Start of Data to examine

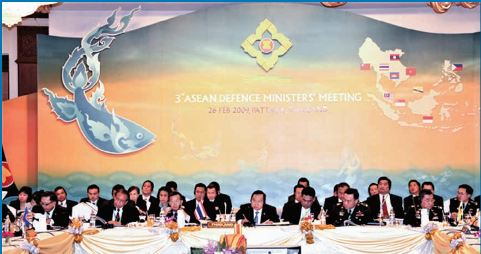
3rd ADMM, Pattaya, Thailand, 26 February 2009
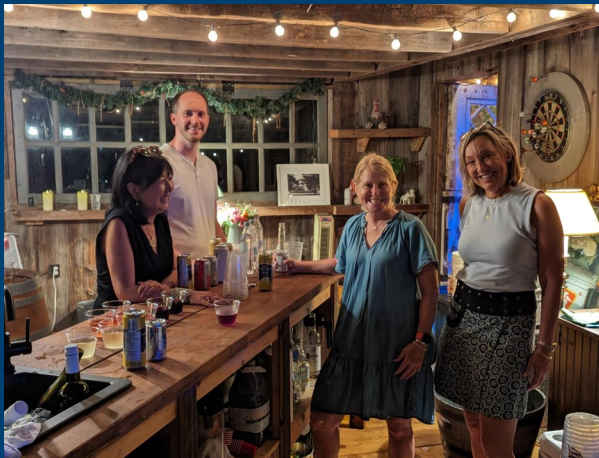
Volunteers tending bar at Band in the Barn.
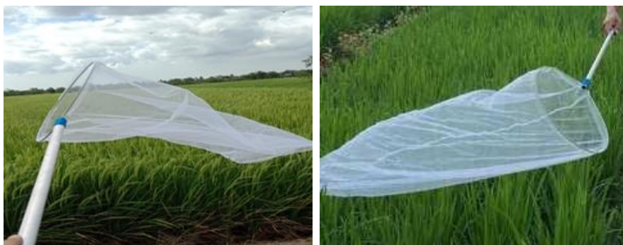
Figure 9. Use of Sweep Nets (SN) to catch pests in rice fields
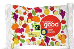
Lunch & Dinner Bundle
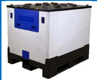
Foldable 1000 & 1250 Lt IBC's
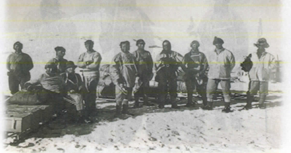
SCOTT'S 'SOUTHERN DEPOT PARTY'

- As the Australian Antarctic Expedition left Hobart on December 2, 1911, the vessel Aurora was overloaded and a second vessel, the Taroa was hired to carry the overload of supplies, which included 55 live sheep which were used for mutton.
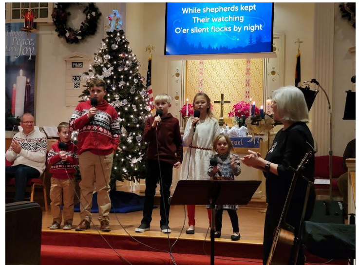
Christmas Eve Special Music and the kids leading us in song
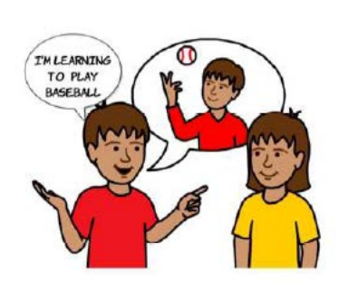
Share Personal Experiences
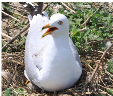
Ring-billed Gull on Christmas I.

Plover seldom seen here. The new species were a Whimbrel , photographed flying at the end of the wharf on June 6, and a Ruff , seen by several birders on August 14, as it fed near the wharf. The rare visitor was a juvenile Pacific Golden Plover seen for several days from September 22 feeding between the mouth of the Salmon River and Christmas Island.
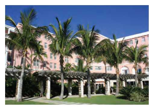
The Hamilton Princess Hotel & Beach Club
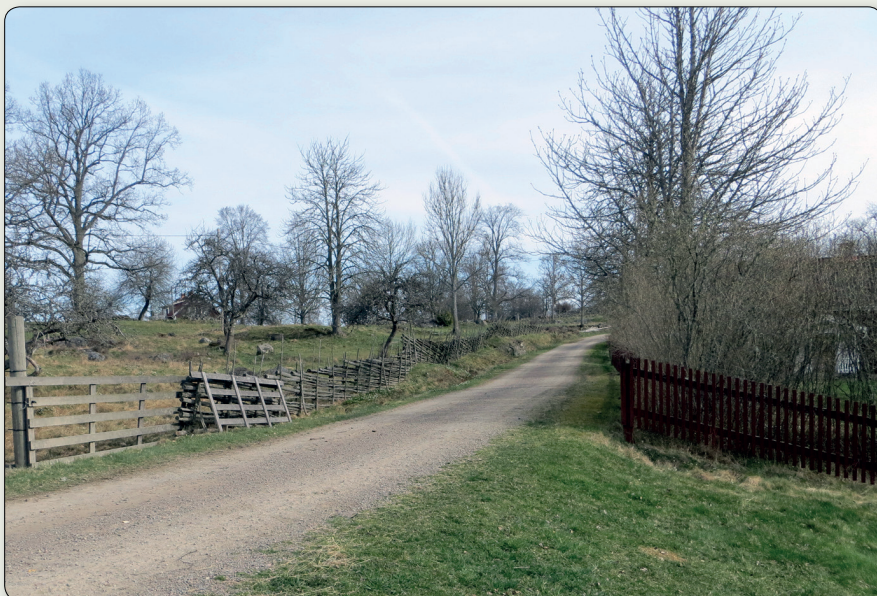
The old village plot, which was abandoned around 1820, was located along the road in the background of the picture.

N 6354778 / E 529739 (SWEREF 99 TM) // N 57° 20' 5.770", E 15° 29' 38.387" (WGS84)
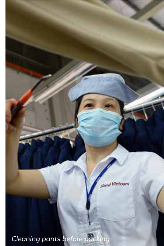
Cleaning pants before packing
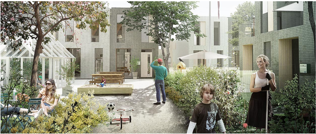
Figur 1 NærHeden is a densified “suburb of the future” for inhabitant in all ages. Promotion material.

Researcher, Ph.D., MA, Danish Building Research Institute (SBI), Aalborg University, A.C. Meyers Vænge 15, DK-2450 København SV, Phone: + 45 99402257 or mobile +45 61309634 Email: mme@sbi.aau.dk
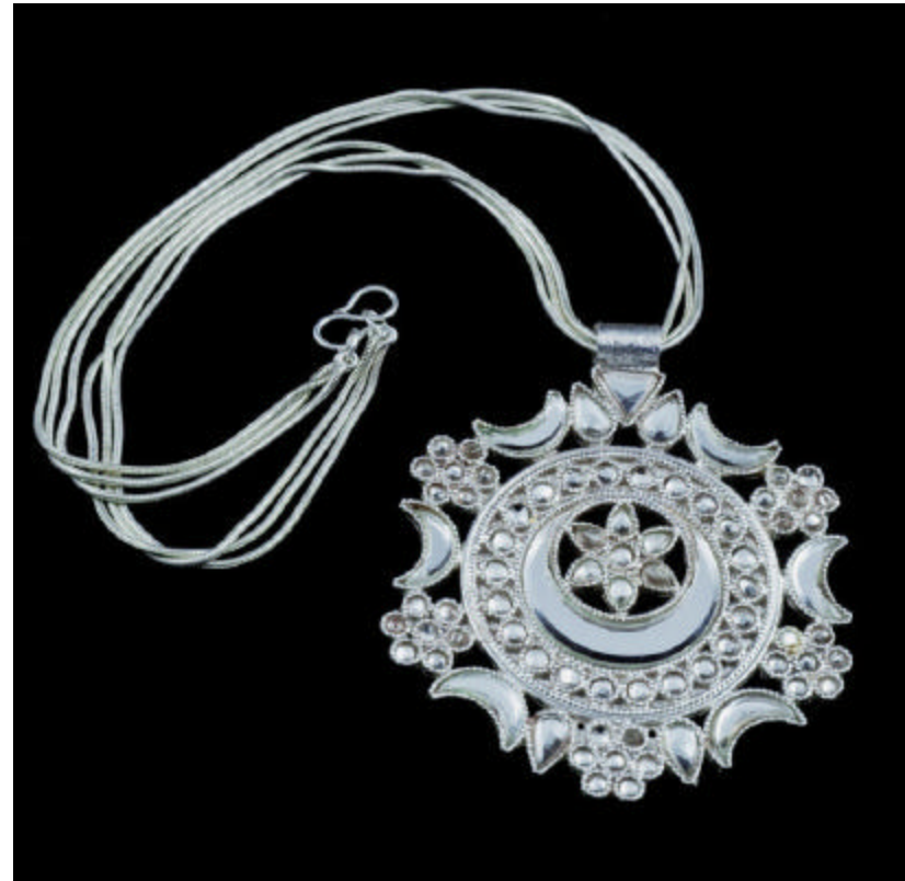
AJN-903 Kundan Crescent Necklace
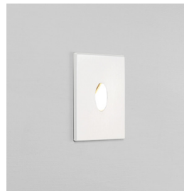
CODE: 1175001 FINISH: MATT WHITE
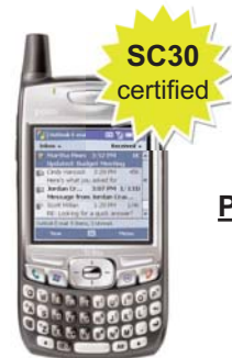
Verizon Palm Treo 700wx Bluetooth Mobile OS
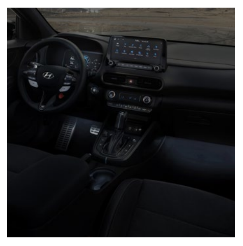
Interior ambient lighting, cup holder and foot well areas
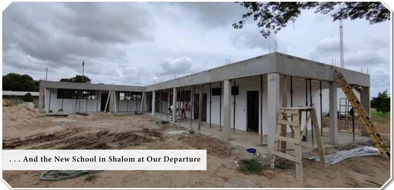
... And the New School in Shalom at Our Departure

About fifty to sixty people gather in Via Gracia for worship services. In these services, three brothers and sisters from Germany participated with songs. In addition, three sisters conducted Vacation Bible School sessions for the children. They were divided into three different age groups, and the sessions continued for several days.
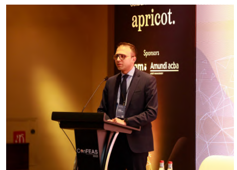
Armen Nurbekyan Deputy Chairman - CBA

I think it's incredibly important to acknowledge, that the development of capital market is strategic priority for the Central Bank and Government together. As a regulator and as a Central Bank we want the capital market to develop. I think the key success for the development of capital markets, is basically the organic marriage between the predictable microeconomic environment and technology – these are the two pillars to build on the development of capital markets.
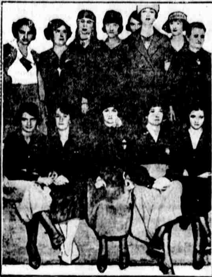
Clad in the "camici nera"—the black-shirts of the Fascisti—women have flocked to the support of Mussolini's government. The picture above shows one of the first meetings of the women's auxiliary.
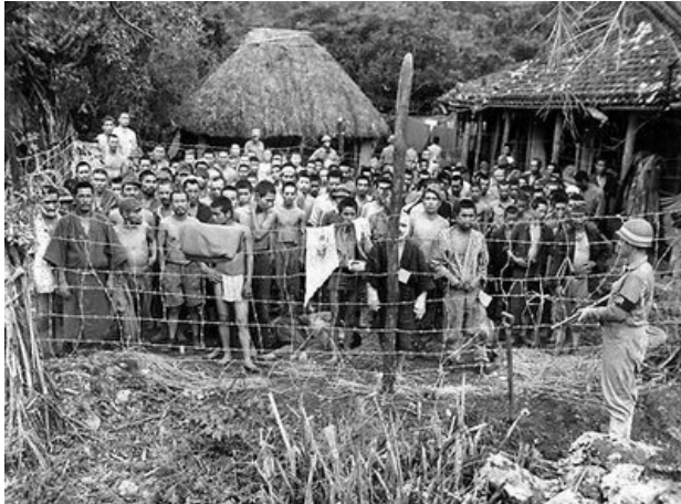
A Marine guards Japanese prisoners of war after the Battle of Okinawa. More than 148,000 civilians died in the campaign.

There are people who were driven by the perverse idea that, rather than seeing female siblings and wives being killed cruelly and outraged by brute Americans and Brits, it was an act of love by close relatives to kill them with their own hands.
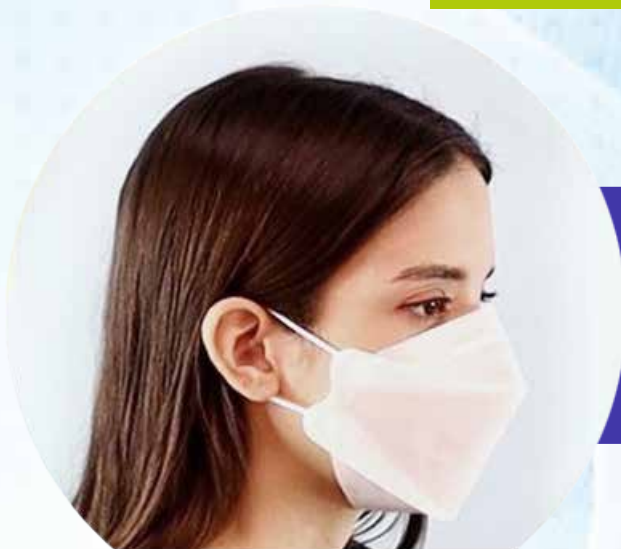
Adult woman wearing a mask

Ergonomic tridimensional structure From the respiratory tracts down to the chin, the mask fits comfortably on the face and remains clean with reduced makeup stains.
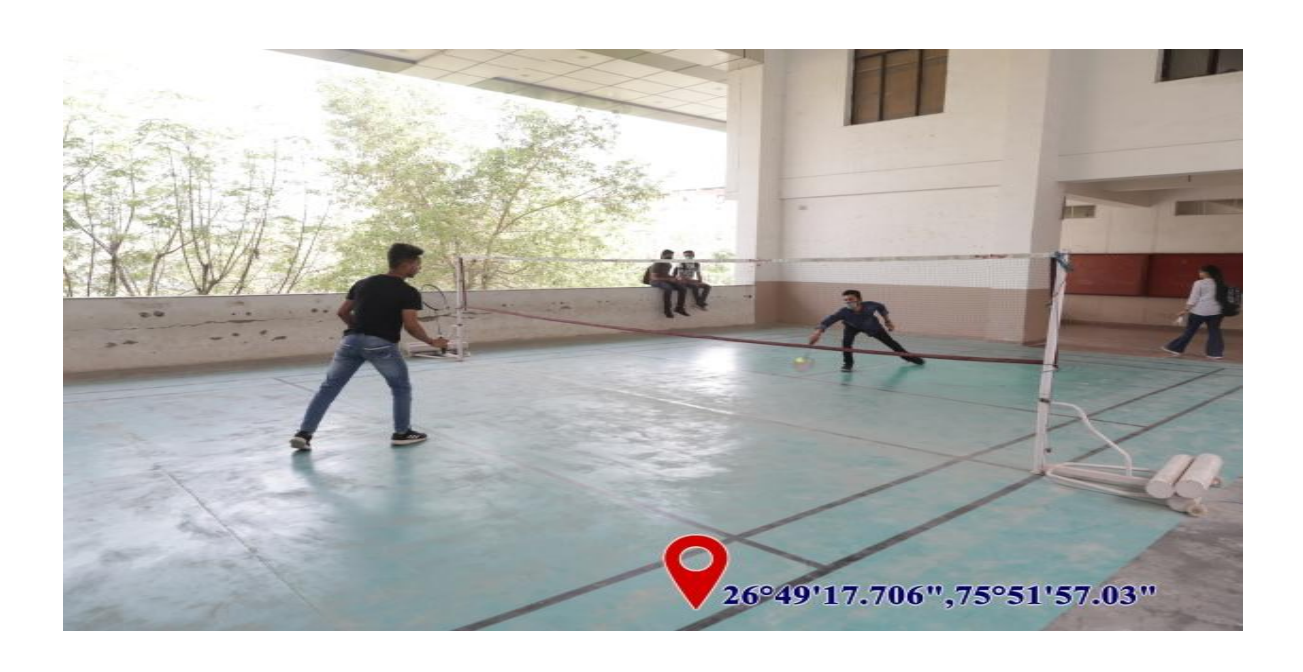
Badminton Court (M. Visvesvarayya Block)
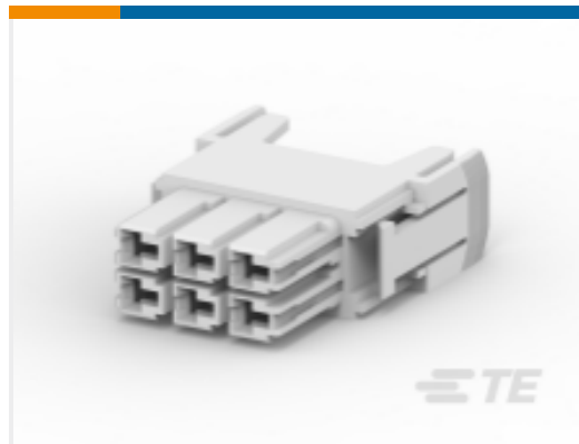
TE Part #2312736-2 HMN-HD4-6-F
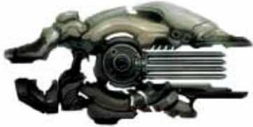
DEEP ONE NEEDLER POD
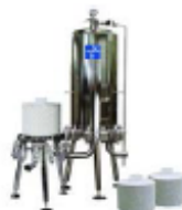
Lenticular Disc Housings

End of Data to examine

### What this task involves
Count every line above that includes the string "days", and answer with the count only.

### Answer box
2